As the self-driving technology becomes more and more of a reality, a new moral dilemma rears its complicated head, and people want answers before these cars go into mass production.
Driverless cars are supposed to reduce the rate of car collisions with as much as 90 percent, given that a vast majority of road accidents are caused by human error. But what about the remaining 10 percent – the scenarios that cannot be controlled even by a smart system?
It might be bad weather or a freak accident, or some technical malfunctions – any of these could put the self-driving car in the position of having to choose whose life it will save.
Would you buy a car that might kill you – the passenger – to save the lives of pedestrians? According to a new survey, people don’t really know what they want.

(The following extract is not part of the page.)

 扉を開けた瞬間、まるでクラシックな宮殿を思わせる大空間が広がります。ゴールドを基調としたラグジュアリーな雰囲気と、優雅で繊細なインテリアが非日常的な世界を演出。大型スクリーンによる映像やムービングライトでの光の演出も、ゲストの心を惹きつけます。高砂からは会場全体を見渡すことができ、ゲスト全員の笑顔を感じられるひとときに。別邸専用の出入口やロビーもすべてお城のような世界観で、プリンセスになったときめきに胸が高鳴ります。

The dilemma goes as follows: should the car crash into a group of pedestrians (killing or injuring at least some of them) in order to save the passenger’s life? Or should the vehicle swerve off the road into a solo crash, saving the pedestrians’ lives at the expense of the passenger’s?

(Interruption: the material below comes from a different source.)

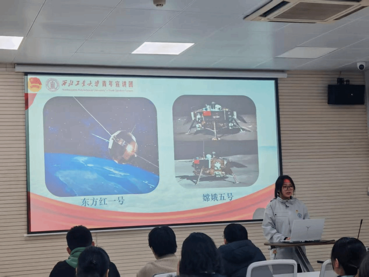 会议伊始,来自青年宣讲团的戴衍华同学为大家带来了一场生动的主题宣讲。戴衍华以王伟的故事拉开序幕,讲述了王伟烈士在捍卫祖国领空时的英勇无畏与坚定信念,接着介绍了我国如今蓬勃发展的航天事业,从东方红一号到嫦娥五号,展现了我国在航天科技方面的雄厚实力与不懈追求。随后,戴衍华深入解读了我校第十四次党代会的主题与精神内涵,强调全面贯彻新时代党的教育方针,锚定“天下工大、世界三航”远景奋斗目标,是我们不懈努力的方向。最后,戴衍华以“极目楚天复兴梦,共襄星汉吾辈行”的激昂话语结尾,激励同学们在新时代的征程中,勇担使命,为实现中华民族伟大复兴的中国梦贡献自己的力量。

Six online surveys were conducted by Jean-François Bonnefon and his team, asking U.S. residents what they think about the behavior of autonomous vehicles (AV). The surveys took place between June and November 2015.
In general, the participants thought that the cars’ systems should be programmed to be utilitarian, and save as many lives as possible in the event of an imminent crash. However, when they were the passengers in the self-driving car, the majority thought the car should protect them, especially if family members were involved.
One of the solutions would be to create both utilitarian and self-protective vehicles, but even if they would be allowed on the market, not many people would buy the former or be willing to ride in them.
There are other challenges in regard to this dual approach; manufactures of utilitarian cars would be criticized for not protecting their own passengers while producers of self-protective vehicles will be condemned for devaluing the lives of pedestrians.
Bonnefon’s surveys also revealed that regulation – which is to be established beforehand – will significantly delay the production.